▶ [Problem] Your task is to copy the stretch of lines in the records below that begins with the line containing "Tra le principali" and ends with the line containing "Доводим содержимое кастрюли, периодически", exactly as written, with nothing added.

▶ [Material supplied]
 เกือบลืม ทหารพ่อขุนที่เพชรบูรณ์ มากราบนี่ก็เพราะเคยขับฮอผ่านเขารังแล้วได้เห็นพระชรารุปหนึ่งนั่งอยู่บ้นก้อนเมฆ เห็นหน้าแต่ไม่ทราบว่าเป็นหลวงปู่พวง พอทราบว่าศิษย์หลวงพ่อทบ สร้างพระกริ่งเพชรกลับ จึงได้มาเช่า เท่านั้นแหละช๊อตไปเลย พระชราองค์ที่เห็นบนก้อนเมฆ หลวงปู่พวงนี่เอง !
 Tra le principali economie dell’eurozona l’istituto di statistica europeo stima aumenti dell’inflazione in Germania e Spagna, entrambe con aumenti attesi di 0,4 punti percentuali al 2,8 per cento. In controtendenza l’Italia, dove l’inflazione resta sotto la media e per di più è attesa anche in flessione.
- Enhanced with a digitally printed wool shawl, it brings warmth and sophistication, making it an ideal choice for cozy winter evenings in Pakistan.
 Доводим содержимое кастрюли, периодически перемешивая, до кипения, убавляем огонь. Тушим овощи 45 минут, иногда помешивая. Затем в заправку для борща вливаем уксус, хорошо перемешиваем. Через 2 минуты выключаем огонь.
--
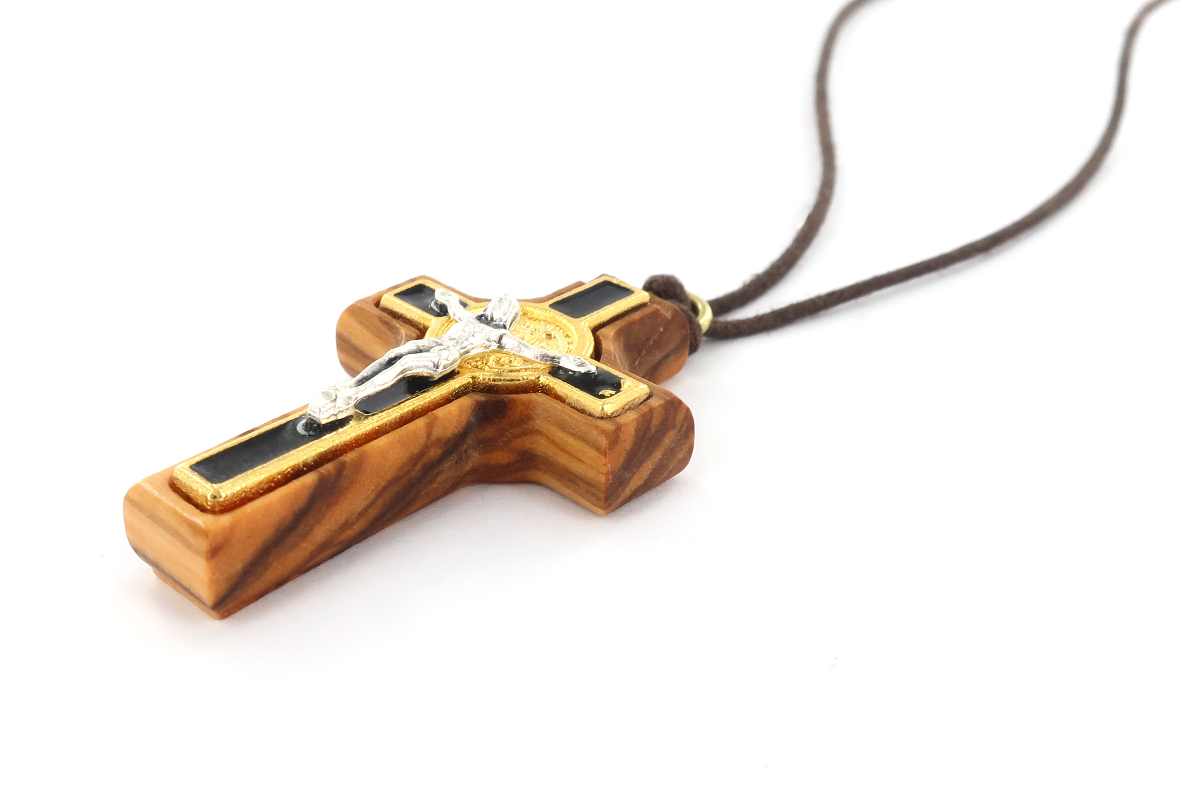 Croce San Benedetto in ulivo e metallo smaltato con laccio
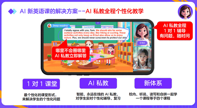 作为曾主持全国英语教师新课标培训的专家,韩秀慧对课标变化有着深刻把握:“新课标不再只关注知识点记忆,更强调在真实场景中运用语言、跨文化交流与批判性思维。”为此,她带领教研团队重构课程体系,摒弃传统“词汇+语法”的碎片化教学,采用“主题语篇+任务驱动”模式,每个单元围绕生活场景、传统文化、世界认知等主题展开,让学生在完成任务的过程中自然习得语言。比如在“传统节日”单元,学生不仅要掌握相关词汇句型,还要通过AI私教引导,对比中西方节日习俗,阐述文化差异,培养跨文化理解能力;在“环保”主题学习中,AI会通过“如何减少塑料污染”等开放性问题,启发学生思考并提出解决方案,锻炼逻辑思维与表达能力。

▶ [Output]
 Tra le principali economie dell’eurozona l’istituto di statistica europeo stima aumenti dell’inflazione in Germania e Spagna, entrambe con aumenti attesi di 0,4 punti percentuali al 2,8 per cento. In controtendenza l’Italia, dove l’inflazione resta sotto la media e per di più è attesa anche in flessione.
- Enhanced with a digitally printed wool shawl, it brings warmth and sophistication, making it an ideal choice for cozy winter evenings in Pakistan.
 Доводим содержимое кастрюли, периодически перемешивая, до кипения, убавляем огонь. Тушим овощи 45 минут, иногда помешивая. Затем в заправку для борща вливаем уксус, хорошо перемешиваем. Через 2 минуты выключаем огонь.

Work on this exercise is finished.